Writing your dissertation – how to do it and do it well
(Last updated: 12 May 2021)
It may seem like both the simplest and the hardest part of the dissertation writing process; actually writing your dissertation is the pinnacle of all your hard work, the final culmination of your ideas, research and theories in one place ready for evaluation and marking.
So how can you ensure that your dissertation or thesis writing does justice to the arduous work and important research you have painstakingly carried out over the preceding weeks? How do you present and phrase your academic ideas in a way that ensures the highest possible grade, and earns you the top Masters dissertation grade you deserve? Follow our top tips to Masters dissertation success for all dissertation topics...
"Remember, the first few sentences are always the hardest. Start by forcing yourself to put something – anything – down."
By now you should have all your research at your fingertips, as well as a clear structural plan for how the different pieces of your Masters dissertation are going to fit together. If you haven’t, the first step is to physically work out exactly where each piece of research and each idea should go, so that you know exactly what will be included where.
While you know the ins and outs of your research like the back of your own hand, your marker won’t – so it’s important that your structure is clear, logical, and carries the reader along.

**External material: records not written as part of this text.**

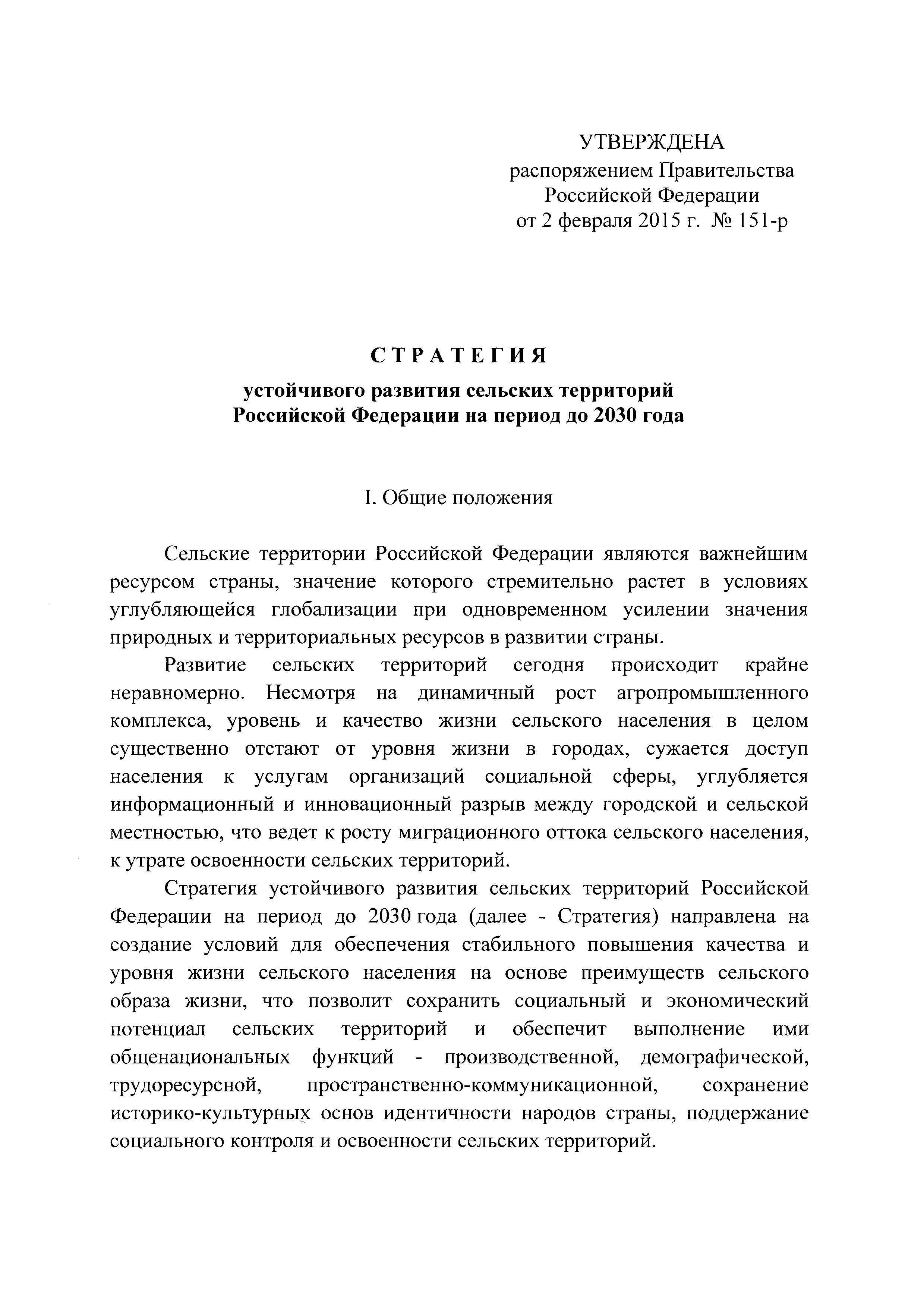 | Название рус.: | Стратегия устойчивого развития сельских территорий Российской Федерации на период до 2030 года |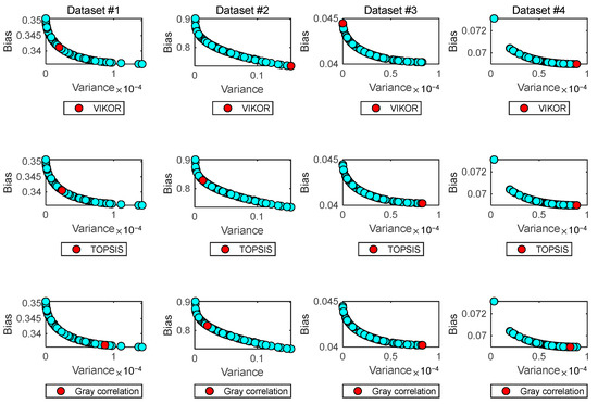 Applying the NSGA-III to generate the optimal ensemble weights, the prediction results of the proposed MMP model can be obtained. The Pareto optimal solutions obtained by different optimization methods are different, which leads to differences in the prediction errors of the models. The related evaluation metrics in Table 2 show the results of several methods for solving Pareto optimality, including VIKOR [48], TOPSIS [49], and Gray correlation [50]. In addition, Figure 8 shows the Pareto optimal results solved by the above methods. The bold numbers in Table 2 indicate the best solving method with the lowest prediction error among VIKOR, TOPSIS, and Gray correlation for datasets #1, 2, 3, and 4. The red points in Figure 8 represent the comprehensive optimal solution considering both bias and variance. It can be seen that there is no best strategy to select optimal ensemble weights. In datasets #1 and 2, the VIKOR generates the best performance. In dataset #3, the TOPSIS and Gray correlation select the same solution and both generate the best performance. In dataset #4, the Gray correlation generates the best performance.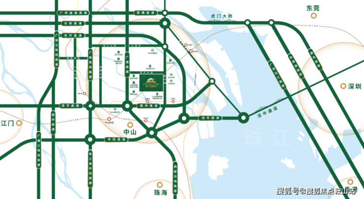 中山·龙大创新园项目位于火炬开发区内的民众街道,地处粤港澳大湾区内核,享有全市“一港一轨五路”的综合性交通枢纽,形成了“五横四纵”的多维立体路网。园区距离民众南收费站仅两公里,可通过南中高速快速接驳深圳、珠海、广州等大湾区核心城市。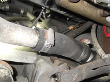 (1月1日)年末年始で忙しく手つかずなのでラジエター液の漏れは続いてます。今日は漏れ箇所を特定しました。フロントラジエターとリアエンジンを結ぶ経路での漏れです。何カ所かでアルミパイプとホースで連結し結ばれています。ゴムホースが劣化し硬化してるので交換時期かも。今回はとりあえずバンドの増し締めで対応しました。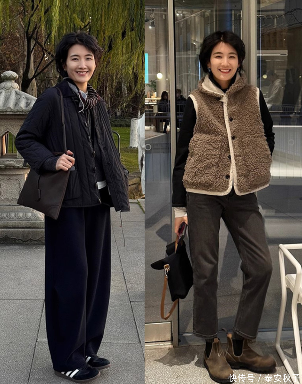 因为毛绒外套还是比较厚重的,所以我们的内搭一定要轻薄、保暖,再以稍微宽松的直筒牛仔裤加持,也是很减龄很大方的。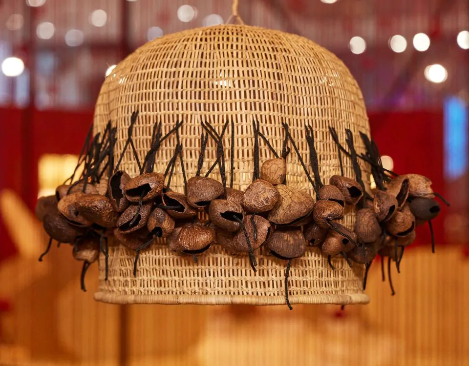 Na galeria da Casa Fiat de Cultura, grandes casulos de bambu e cabaças acolhem cadeiras de balanço que convidam à pausa. Combinando elementos táteis, sensoriais e sonoros, eles ativam a imaginação e a reflexão por meio de narrativas, músicas, histórias tradicionais e composições autorais entrelaçadas a sons da natureza, vozes e canções. Há também os casulos que podem ser colocados na cabeça, preparados com sementes e cascas que convidam os visitantes a experimentar novas sonoridades a partir do próprio movimento.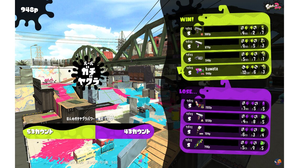 | Name | Weapon | Level | Rank | Inked | k+a/sp | k/d |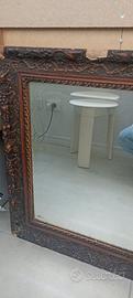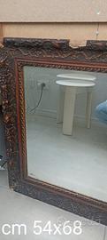 Specchio con cornice in legno da restaurare nella cornice (presenta punti danneggiati) ideale per chi riesce a restaurare e decorare. Dimensioni 67x55 spessore cornice la bordatura della cornice è di cm 9. Ritiro a Ferrara non spedisco, prezzo trattabile
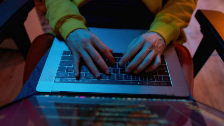 Hands of contemporary programmer pressing keys of laptop keyboard while sitting by desk and working with decoded data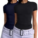 Sexy Casual Summer Tops: This womens summer tops, short sleeve, crewneck, It is an essential and perfect match for your wardrobe, and the two piece set is more affordable, Solid colors, include white and black shirts, Cute and trendy
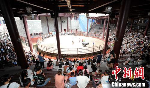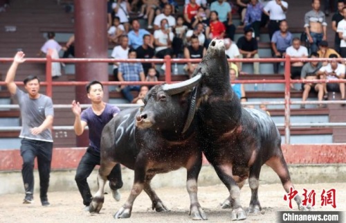 10月1日,广西三江侗族自治县月也侗寨景区举行超级牛王争霸赛,来自广西、贵州等地的8头牛王同台竞技、激烈对决。图为比赛现场。 龚普康 摄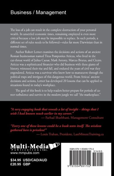 The loss of a job can result in the complete destruction of your personal wealth. In unsettled economic times, remaining employed is even more critical because a lost job may be impossible to replace. In such periods, a different set of rules needs to be followed-rules far more Darwinian than in normal times. Author Robert Lerner examines the decisions and actions of an ancient Roman businessman named Titus Pomponius Atticus, who lived in the cut-throat world of Julius Caesar, Mark Antony, Marcus Brutus, and Cicero. Atticus was a sophisticated financier who did business with these giants of history, witnessed their rise and fall, and endured the years of civil war they engendered. Atticus was a survivor who knew how to manoeuvre through the political traps and intrigues of this dangerous world. From Atticus' ancient decisions and actions, Lerner has developed 20 lessons that can be applied to situations found in today's workplace. The goal of this book is to help readers better prepare for periods of career turbulence and survive in the modern jungle we call "the marketplace."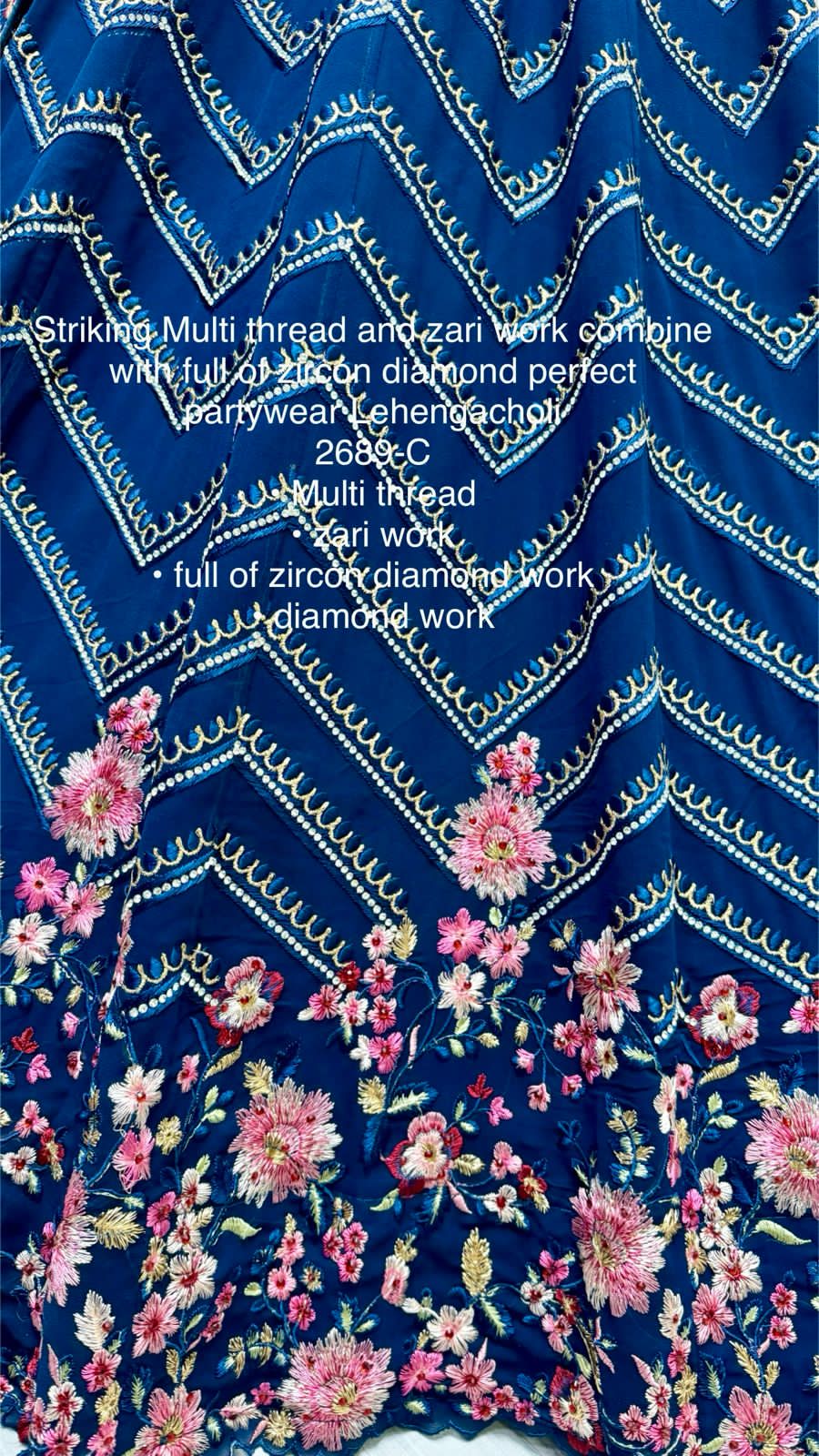 Striking Multi thread and zari work combine with full of zircon diamond perfect partywear Lehengacholi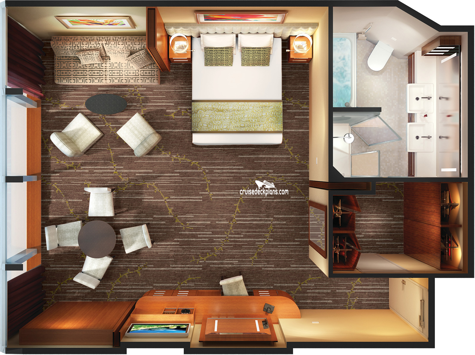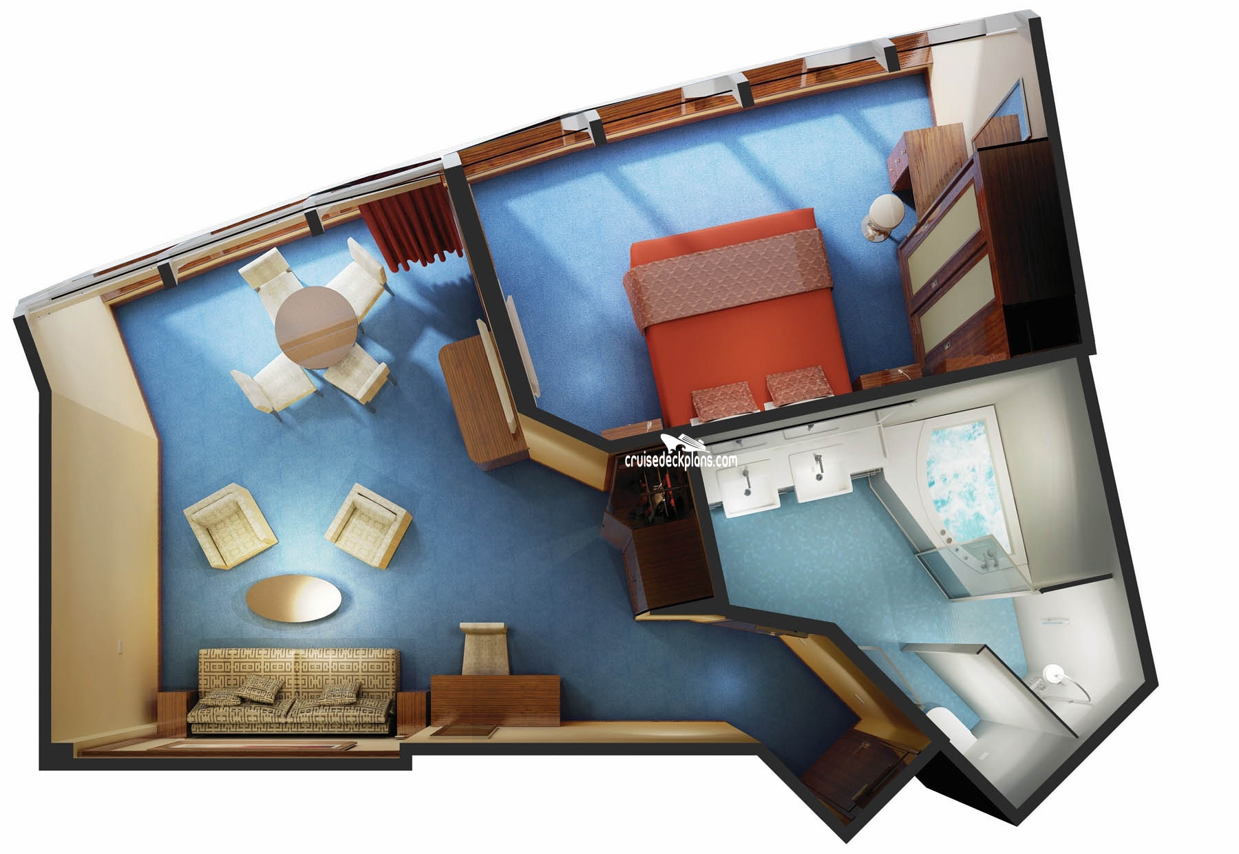 Stateroom Cabin Features: - Panoramic views - Roof terrace and private garden and open-air dining - Jacuzzis - Totally private sunning and relaxation areas - Living room, dining room - Three separate bedrooms, each with private luxury bath - Safe, VCR, CD library, LCD television and DVD player - Master bath has a full bath with whirlpool and separate shower - Hairdryer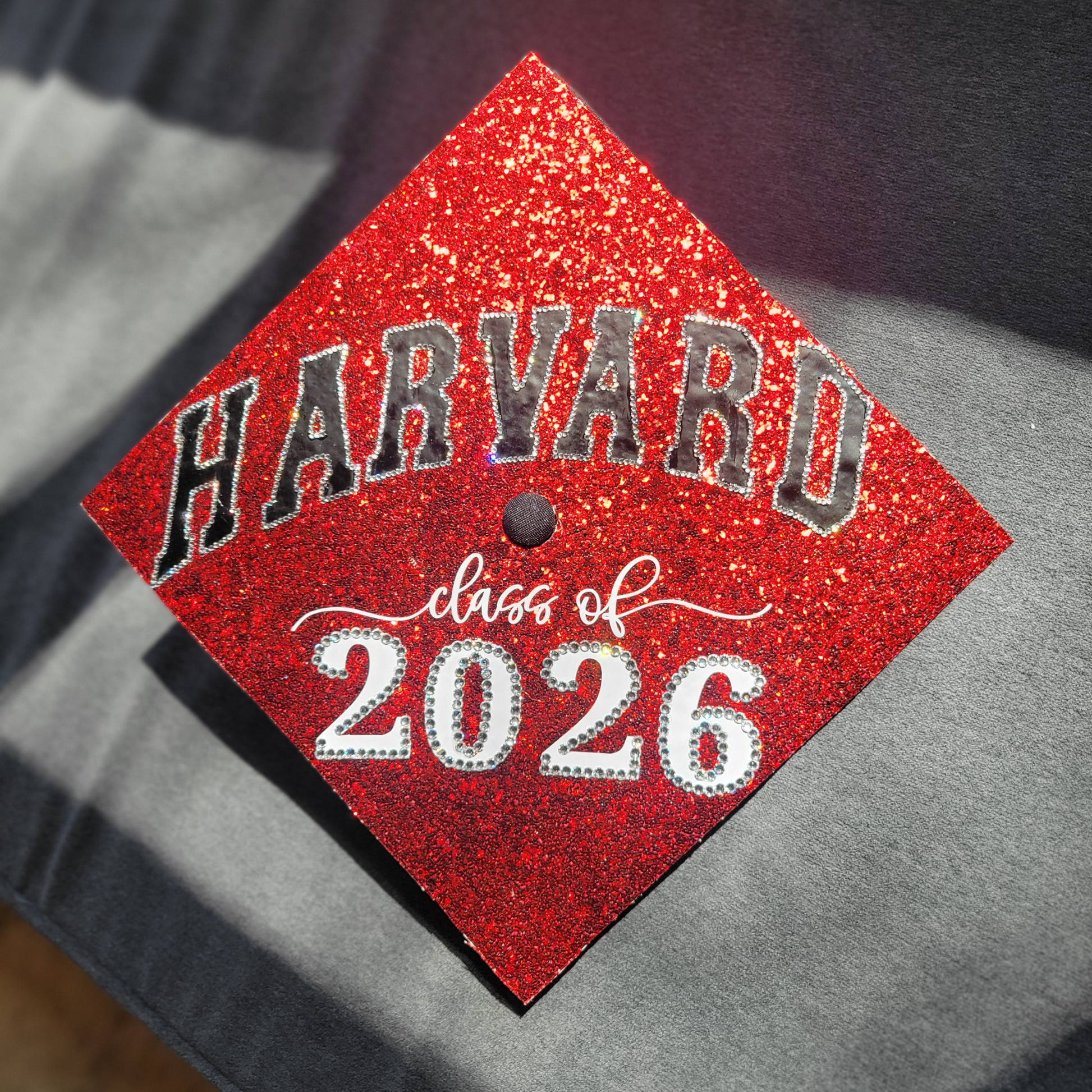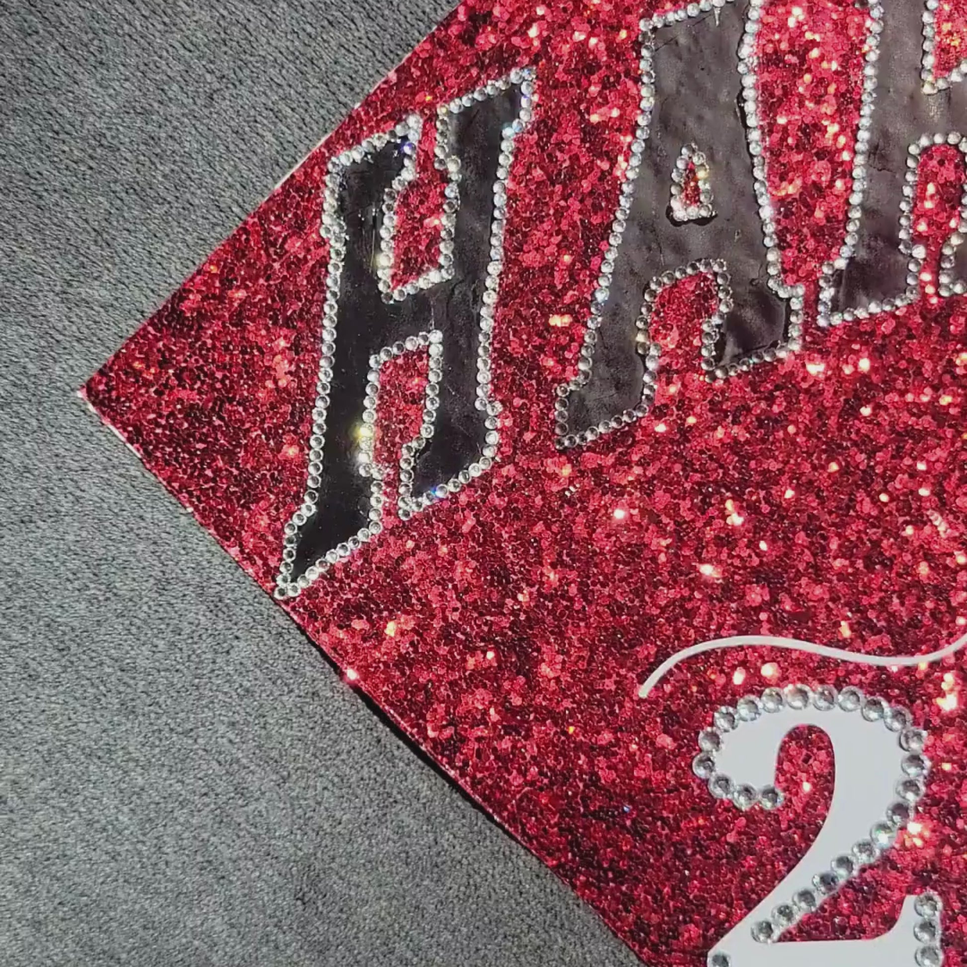 Step into your moment with a design that shines. The Spotlight features a glitter base and a bold, polished layout that highlights your school pride while adding a touch of personalization.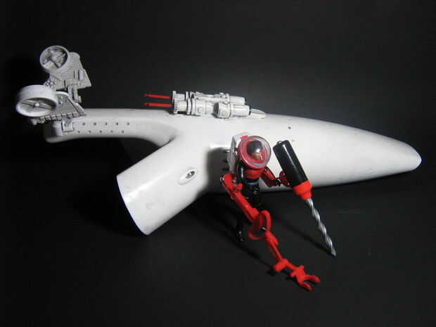 Una nave espacial de la aspiradora es fácil de hecho. Primero, retire las partes internas (cosas de motor y eléctrico). Se necesita el caso. Para las alas, usé casetes de un estéreo en una nave y parfurm tapas de en la otra. Para la cola, os adjunto piezas de juguetes. Utilice la basura plástica que desee! Personaliza tus naves espaciales! Incluso hice gaitling armas con caps y marcadores tubos de desodorante. Pintura utilizando pintura en aerosol.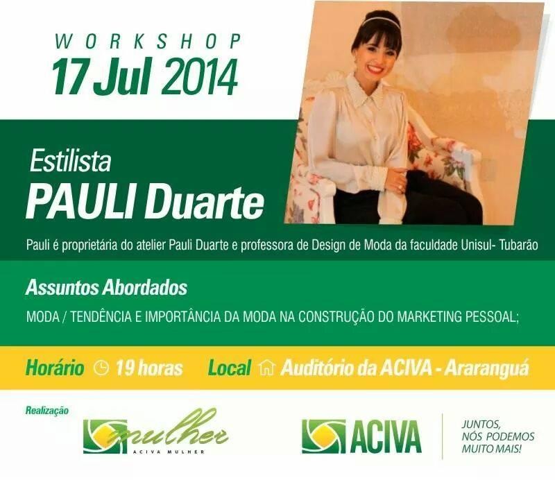A noite de amanhã, 17, será de conhecimento para as mulheres da região. A ACIVA Mulher promove um encontro especial com a estilista Pauli Duarte que irá abordar assuntos como moda e tendências.

Think of it like drawing the outline of a picture so that all that remains is to colour in the right areas with the right coloured pencil – much like a pink oak has no place in a realist painting, you have to ensure that each part of your thesis follows a logical progression. In other words, each of your dissertation chapters and sub-chapters should fit into its own section.
If you suffer from writers’ block, remember that the first few sentences are always the hardest. Force yourself to put something, anything, down – you can always go back and change it later on (in fact, you probably will – that’s part of the process). In academic writing once the first paragraph is written the rest will flow much more freely. Many of these tips are useful for basic essay writing too.
Writing your dissertation argument
Remember that your argument(s) must be clear, succinct and well-articulated. Although you have been thinking about this topic for months, it is important to remember that your reader is new to it, and as such you should explain everything fully when writing your dissertation.
A good way to approach this is to imagine that each paragraph must be compressed into a single sentence conveying the entire argument it holds. This should help to focus your argument and ensure you are splitting up the different ideas correctly into individual paragraphs. In essence, once you have written a paragraph you should read it through and try to view it from a marker’s perspective. Ask yourself questions such as “why is this here? What is this telling me? How does this relate to what I just said, and what I am saying next? How is this linked to my research question?” Can you comfortably answer those question by reading your paragraph? If yes, great! If not, you may want to rethink it.
Start each paragraph or section of your Masters dissertation (or any academic writing) with a strong signpost sentence clearly stating its main subject and purpose. This will make your conclusion much easier to write too, as it should basically be a summary of all your first sentences.
Writing up your dissertation
It can be tempting to write very long sentences, and this is a very common issue with theses – but as with all essay writing, remember to keep them clear and well-punctuated, with a variety of longer and shorter phrases. No one wants to read a sentence that runs on for half a paragraph without any punctuation because this makes it far more difficult to keep on top of what the sentence actually says and makes it harder for the marker to follow your argument. See what I did there? That’s what you want to avoid. Keeping to a varied sentence structure helps to retain the reader’s interest, and prevents them from becoming lost in an idea which is too long to follow easily – so always make sure to keep the reader in mind.
It is also important to remember your word limit and try not to waffle or repeat yourself. To check the clarity of your structure and argument, leave a day (or ideally a week) at the end of your write-up period in which to ask peers (or students who have written on other dissertation topics) and other academics to read through your Masters dissertation and check that they are able to follow your argument clearly.
Taking a short break from your writing will also give you a bit more perspective and you might be surprised, when you go back to it, to find quite a few obvious improvements. This can be an invaluable method for discovering areas of confused structure or lack of clarity that you're unable to identify while you’re neck deep in the writing process.
A final Masters dissertation top tip
Lastly remember that, as with basic essay writing, many supervisors are happy to help during the process of writing a dissertation. Asking them to check over early drafts and sections can be hugely helpful in getting essential feedback and direction at early stages of writing, to help you mould your work as necessary to produce a first class dissertation!